_What you are asked to do_
Restate the lines word for word, from the first line of the records through the line containing "Carry your ID". Leave out the pictures and anything after that line.

▬▬▬

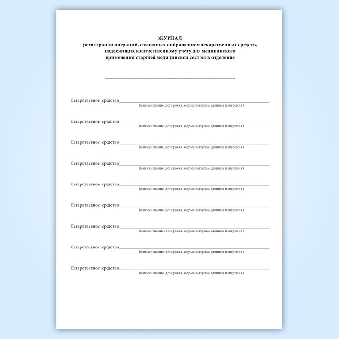 Журнал регистрации операций, связанных с обращением лекарственных средств, подлежащих количественному учету для медицинского применения старшей медицинской сестры в отделение в Щёлково купить
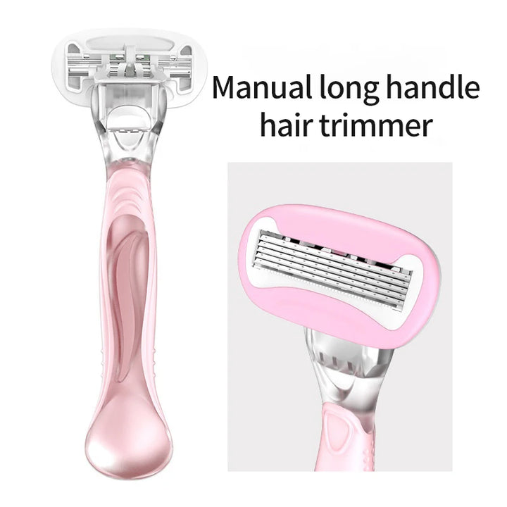 Discover a new level of smoothness with this 5-layer safety razor, designed specifically for women who value comfort and precision in their shaving routine. Featuring Swedish stainless steel blades, this manual razor offers a close, gentle shave every time. The rotatable blade head and ergonomically designed rubber handle make it easy to navigate curves, while the built-in lubrication strip infused with vitamin E and aloe vera helps keep your skin feeling soft and protected.Advanced Features for a Superior Shave
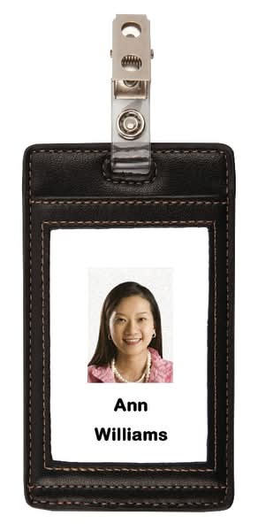 Carry your ID badge and business cards together! Top-loading design features a clip to keep your cards handy at all times. Holds cards up to 3 1/2" x 2 1/4". Credit or business card holder on back side. Faux Leather is a synthetic material. See specs for details. Color: Black
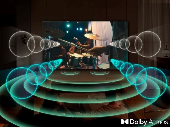 Телевізори Samsung пропонують захоплюючий звуковий досвід, який переносить глядачів у саме серце подій. Завдяки технології Dolby Atmos звукові ефекти заповнюють місце, створюючи ілюзію справжньої присутності. Ваша улюблена музика, фільми та шоу звучать так, ніби ви сидите у першому ряду на концерті або в центрі захоплюючого екшену. Кожен звук від енергійного удару барабанів до легких шелестів листя ви відчуєте з неймовірною чіткістю.
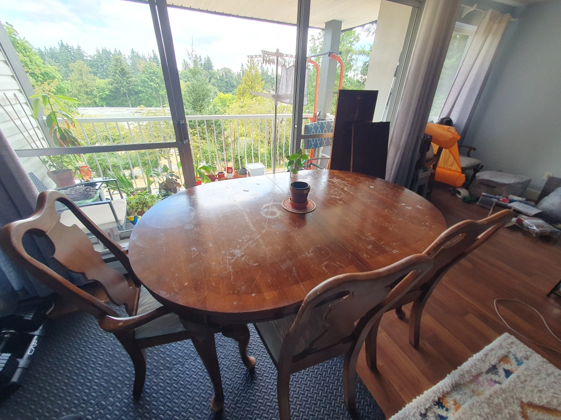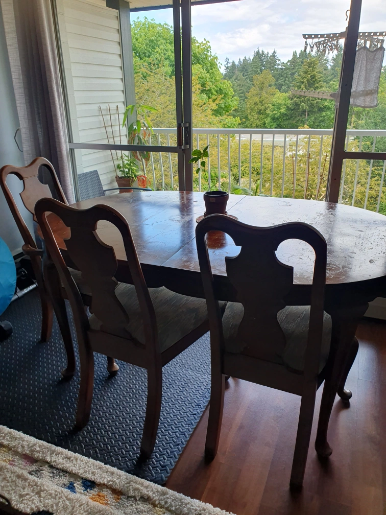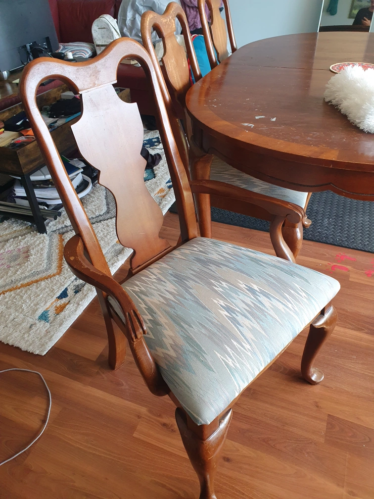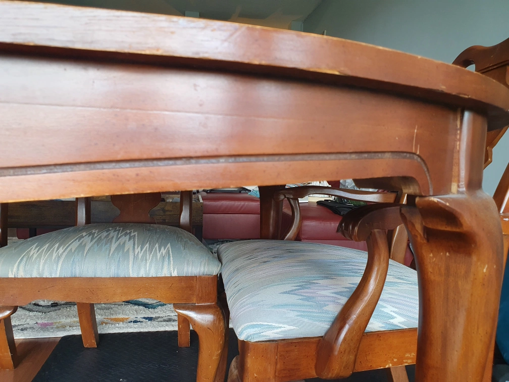 This is a solid wood dining table that extends to comfortably seat 8–10 people – great for big family dinners or gatherings. Extra wood planks can be added to make it even longer. Includes 6 sturdy chairs that have been freshly cleaned using an upholstery/carpet extractor (the kind that sprays water and sucks it back up). The chairs have a timeless wooden frame and patterned turquoise cushions for a warm, cozy look. Now, full transparency: the table surface is worn and definitely needs a full refurbishing. If you're into DIY projects or enjoy bringing furniture back to life, this table has great potential. It's structurally solid – I just don’t have the carpentry skills or space for it anymore. If you're up for a fun restore project, this could turn into a stunning centerpiece for your home!

▬▬▬

_Exercise answer_
 Журнал регистрации операций, связанных с обращением лекарственных средств, подлежащих количественному учету для медицинского применения старшей медицинской сестры в отделение в Щёлково купить
 Discover a new level of smoothness with this 5-layer safety razor, designed specifically for women who value comfort and precision in their shaving routine. Featuring Swedish stainless steel blades, this manual razor offers a close, gentle shave every time. The rotatable blade head and ergonomically designed rubber handle make it easy to navigate curves, while the built-in lubrication strip infused with vitamin E and aloe vera helps keep your skin feeling soft and protected.Advanced Features for a Superior Shave
 Carry your ID badge and business cards together! Top-loading design features a clip to keep your cards handy at all times. Holds cards up to 3 1/2" x 2 1/4". Credit or business card holder on back side. Faux Leather is a synthetic material. See specs for details. Color: Black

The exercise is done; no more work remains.